Neighborhood-level crime metrics are not available from WDSuite for this area. Investors commonly benchmark property performance against metro and county trends and incorporate on-site security, lighting, and management practices into underwriting rather than relying on block-level readings.

Proximity to Major Employers
Why invest?

This 2005 construction stands out versus the neighborhood’s older housing stock, giving the property a relative edge in curb appeal and functionality while approaching the timing window for selective system upgrades and common-area refreshes. According to CRE market data from WDSuite, neighborhood occupancy is steady and the share of renter-occupied units is competitive within the Kingston metro, supporting a dependable tenant base.

Within a 3-mile radius, households have grown even as population has flattened, implying smaller household sizes and a larger pool of renters entering the market. Modest rent levels relative to income support lease retention and measured rent growth strategies, while lower local home values suggest monitoring move-outs to ownership as part of risk management.

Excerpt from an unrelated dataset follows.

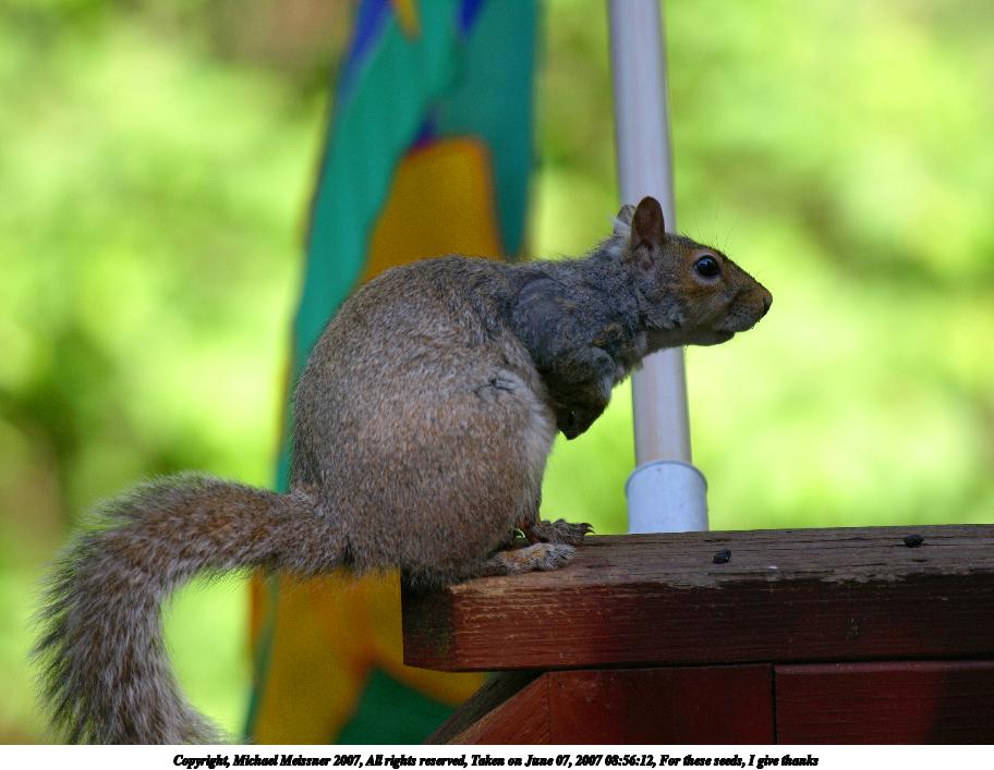 Picture #1: For these seeds, I give thanks Thumb: 456x342, 36,206 bytes (36K) Small: 912x707, 81,905 bytes (80K), (html file) Copyright, Michael Meissner 2007, All rights reserved Olympus E-510 camera with Olympus 50-200mm f/2.8-3.5 lens f/3.5, ISO 100, 1/200 sec, 200.0mm, auto mode, natural color, SHQ, matrix metering, image stabilization, noise reduction, noise filter low, auto focus right 35mm equivalent focal length 401.0mm Programs used: gimp Taken by Michael Meissner on June 07, 2007 08:56:12 Last modified on June 07, 2007 at 08:56 This picture is one of my favorites. |

  • 2005 vintage offers competitive positioning versus older neighborhood stock, with clear, planable mid-life CapEx.
  • Renter-occupied share is competitive among Kingston’s 86 neighborhoods, reinforcing tenant base depth.
  • Household growth within 3 miles expands the renter pool and supports occupancy stability.
  • Modest rents relative to incomes aid retention; pricing power should be managed prudently.
  • Risks: below-average school ratings, limited park access, and potential competition from attainable ownership.